** Input material follows **
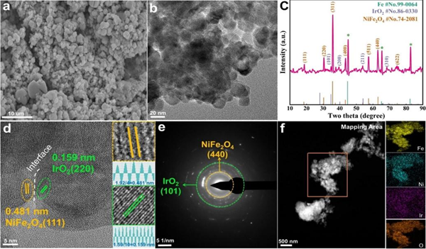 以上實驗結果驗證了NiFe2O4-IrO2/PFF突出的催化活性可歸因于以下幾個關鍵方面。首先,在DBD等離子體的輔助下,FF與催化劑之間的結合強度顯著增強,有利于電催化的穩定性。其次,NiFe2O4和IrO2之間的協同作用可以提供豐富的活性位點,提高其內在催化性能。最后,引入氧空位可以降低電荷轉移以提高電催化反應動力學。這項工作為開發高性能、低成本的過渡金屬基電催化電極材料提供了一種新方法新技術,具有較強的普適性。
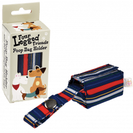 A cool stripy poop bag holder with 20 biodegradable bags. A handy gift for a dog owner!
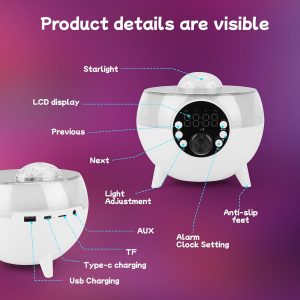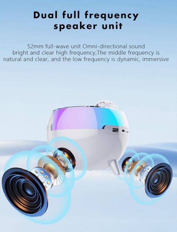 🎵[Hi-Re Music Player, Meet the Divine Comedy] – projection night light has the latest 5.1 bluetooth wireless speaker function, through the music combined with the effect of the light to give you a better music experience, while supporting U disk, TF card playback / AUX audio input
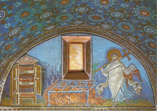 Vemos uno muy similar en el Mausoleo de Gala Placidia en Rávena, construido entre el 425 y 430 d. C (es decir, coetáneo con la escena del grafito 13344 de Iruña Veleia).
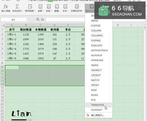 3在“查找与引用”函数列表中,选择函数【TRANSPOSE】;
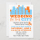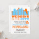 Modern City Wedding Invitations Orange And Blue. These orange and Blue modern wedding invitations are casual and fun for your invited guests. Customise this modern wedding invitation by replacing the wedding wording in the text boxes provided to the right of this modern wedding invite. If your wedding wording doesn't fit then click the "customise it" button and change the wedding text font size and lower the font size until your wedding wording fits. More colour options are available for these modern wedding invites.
** End of Input material **
Copy every record exactly, dropping the images.

 以上實驗結果驗證了NiFe2O4-IrO2/PFF突出的催化活性可歸因于以下幾個關鍵方面。首先,在DBD等離子體的輔助下,FF與催化劑之間的結合強度顯著增強,有利于電催化的穩定性。其次,NiFe2O4和IrO2之間的協同作用可以提供豐富的活性位點,提高其內在催化性能。最后,引入氧空位可以降低電荷轉移以提高電催化反應動力學。這項工作為開發高性能、低成本的過渡金屬基電催化電極材料提供了一種新方法新技術,具有較強的普適性。
 A cool stripy poop bag holder with 20 biodegradable bags. A handy gift for a dog owner!
 🎵[Hi-Re Music Player, Meet the Divine Comedy] – projection night light has the latest 5.1 bluetooth wireless speaker function, through the music combined with the effect of the light to give you a better music experience, while supporting U disk, TF card playback / AUX audio input
 Vemos uno muy similar en el Mausoleo de Gala Placidia en Rávena, construido entre el 425 y 430 d. C (es decir, coetáneo con la escena del grafito 13344 de Iruña Veleia).
 3在“查找与引用”函数列表中,选择函数【TRANSPOSE】;
 Modern City Wedding Invitations Orange And Blue. These orange and Blue modern wedding invitations are casual and fun for your invited guests. Customise this modern wedding invitation by replacing the wedding wording in the text boxes provided to the right of this modern wedding invite. If your wedding wording doesn't fit then click the "customise it" button and change the wedding text font size and lower the font size until your wedding wording fits. More colour options are available for these modern wedding invites.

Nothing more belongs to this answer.